Dindingnya terbuat dari batu bata persegi panjang yang terlihat cukup tua. Di sudut ada grand piano hitam dengan seorang gadis muda berpakaian hitam memainkan sebuah lagu di atasnya.
Gadis itu, adalah Julie.
Musik mulai melambat sebelum berhenti saat ketiganya memasuki ruangan.
“Guru, mereka ada di sini,” Julie berdiri dan berbicara ke sudut lain ruangan.
Baru pada saat itulah Trio menyadari bahwa ada seorang wanita tua duduk di kursi hitam yang terbuat dari ratan di sudut lain.
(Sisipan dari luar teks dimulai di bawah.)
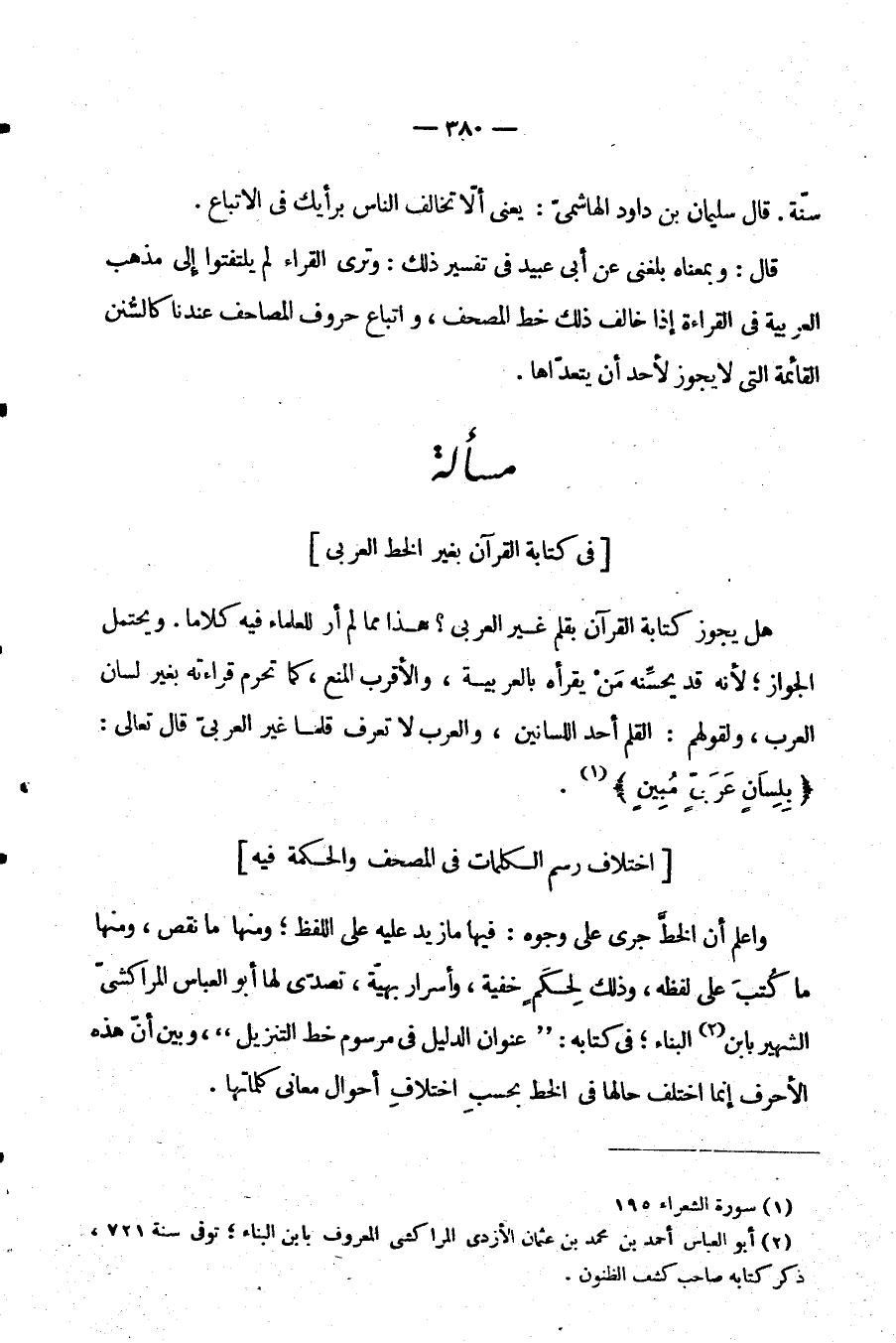 واعلم أن الخط جرى على وجوه فيها ما زيد عليه عَلَى اللَّفْظِ وَمِنْهَا مَا نَقَصَ وَمِنْهَا مَا كُتِبَ عَلَى لَفْظِهِ وَذَلِكَ لِحِكَمٍ خَفِيَّةٍ وَأَسْرَارٍ بَهِيَّةٍ تَصَدَّى لَهَا أَبُو الْعَبَّاسِ الْمُرَّاكِشِيُّ الشَّهِيرُ بِابْنِ الْبَنَّاءِ فِي كِتَابِهِ عُنْوَانُ الدَّلِيلِ فِي مَرْسُومِ خَطِّ التَّنْزِيلِ وَبَيَّنَ أَنَّ هَذِهِ الْأَحْرُفَ إِنَّمَا اخْتَلَفَ حَالُهَا فِي الْخَطِّ بِحَسَبِ اخْتِلَافِ أَحْوَالِ مَعَانِي كَلِمَاتِهَا

Nafasnya hampir hening, kehadirannya tidak terlihat kecuali diumumkan.
Ini adalah wanita tua yang sama yang menderita luka berat pada hari sebelumnya.
“Sesuatu di sini membuatku sangat tidak nyaman,” Raja Mimpi Buruk mengerutkan kening dan mengendus dengan hidungnya sebelum menutupinya dengan kain sutra putih.
“Kamu benar-benar memiliki indera yang tajam,” wanita tua itu tersenyum dan mengangguk, “Aku masih belum berterima kasih kepada kalian bertiga atas tindakan heroikmu hari ini. Jika bukan karena kami bertiga, kami mungkin akan sangat menderita. kerugian. ”
“Kamu kehilangan dua orang yang lebih tua, dan itu masih bukan kerugian yang parah?” Tanya Andrela retoris.
“Bukan,” wanita tua itu mengangguk, “mereka berdua hanyalah pengganti telekinetik, tuan rumah mereka sudah mulai pulih di lokasi rahasia. Itu hanya satu luka parah, bukan masalah besar.”
“Pengganti telekinetik? Satu cedera parah bukan masalah besar?” Garen mengulangi kata-katanya, “Sepertinya telekinesis jauh lebih menarik dari yang saya kira.”
“Kalian bertiga, silakan duduk dan kita akan bicara.”
Wanita tua itu menyajikan tiga cangkir kopi.